Naman dressed, slid on his ridiculous stringless tennis shoes, and the two strolled down the institutionally drab hallway. “What about breakfast?” Naman wondered.

“I was told to have you at the doc’s office first thing. Don’t ask me, I just work here,” he chuckled.

Dr. Aramita’s office door was open, which was unusual, and he stood in the threshold, his face bordering on a scowl. “Come in, Naman,” he said, and the boy was startled by the figure of his father standing by the window.

“Hello, son.” Naman grew queasy, his knees gave a bit.

“What’s going on?” Naman wondered.

“You’re going home. Isn’t that great?” his father exclaimed but in a tone that betrayed his words, like when Naman was ten and his father tried to convince him a tonsillectomy wouldn’t be traumatic, that the post-op ice cream would make the experience an adventure.

Dr. Aramita sat behind his desk, something he never did during therapy sessions, looking like a deflated balloon. “I have always been honest with you, Naman, and I’m not going to start lying to you now. Your dad’s health insurance carrier has determined, for some reason I cannot comprehend, that you are better, and they have determined you can go home, back to your life.”

“You mean, you’re done with me? Just like that?” Naman was confused.

“Not at all. I mean, I don’t want to be. I fought this like hell, but I lost. But I’ve arranged for you to see a colleague who’s very good. As an outpatient. You’ll like him. Twice a week. I’m doing the best I can here,” the doctor seemed on the verge of breaking down.

“Look, Naman, nobody wants this. I know you and Dr. Aramita are making great progress, I can see it.
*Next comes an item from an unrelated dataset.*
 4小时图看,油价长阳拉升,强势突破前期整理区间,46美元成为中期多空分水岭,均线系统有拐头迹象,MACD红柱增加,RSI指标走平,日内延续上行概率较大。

I’ve never been more hopeful. But insurance will no longer cover your treatment here and I can’t begin to afford to pay for it myself. There’s nothing we can do.” He wrapped his hand around Naman’s shoulder. “I’m so sorry.”

“Clay has collected your things and will escort you out of the building,” Dr. Aramita struggled to regain his professional poise and demeanor. “Please, keep moving forward, Naman, always forward. You’re done with the past. Only the future matters. Only the future will serve you now. Courage.”
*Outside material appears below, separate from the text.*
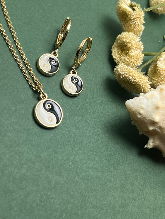 این نیمست شاهکاری از طراحی مینیمال است که عمیقاً ریشه در فلسفه تعادل دارد. گردنبند و گوشوارهها با ترکیب هنرمندانهی دایرههای سیاه و سفید، مفهوم همزیستی تضادها را به تصویر میکشند؛ یادآوری بصری این حقیقت که در هر نور سایهای و در هر تاریکی نوری نهفته است.

They all shook hands like polite gentlemen, like upstanding members of a civilized society where people are healthy and strong and invincible and have no need of mental health treatments. Clay met them and walked with them to the front doors, chatting as always, painting a bright, cheery picture of the situation. He carried a large Ziplock baggy of medications and instructions and handed Naman’s dad a gym bag. He swiped his badge and turned to bid Naman farewell and good luck. But Naman ducked as if avoiding a thrown fist and turned to flee. Clay dropped the giant baggy and grabbed Naman’s wrist. The teen squirmed out of Clay’s hold. His leather bracelet snapped, the beads splattering to the ground as if shot from a BB gun. Naman dashed outside, sprinted through the parking lot, and cut through the pine tree hills and dales. “Oh, shit!” Clay mumbled as he gave chase. Naman’s father downed the gym bag and scrambled in pursuit. Naman sped toward the railroad tracks, his arms pumping, his legs wheeling, his long hair flagging behind him so that he looked like a doomed hero in Greek mythology, his lungs burning, his eyes stinging, his throat parched. He ran in the hope his skin would peel off, that his bones would drop to the ground, that his head would twist off like a lid, that his heart would explode. He ran until Highway 41 came into focus. And just kept running.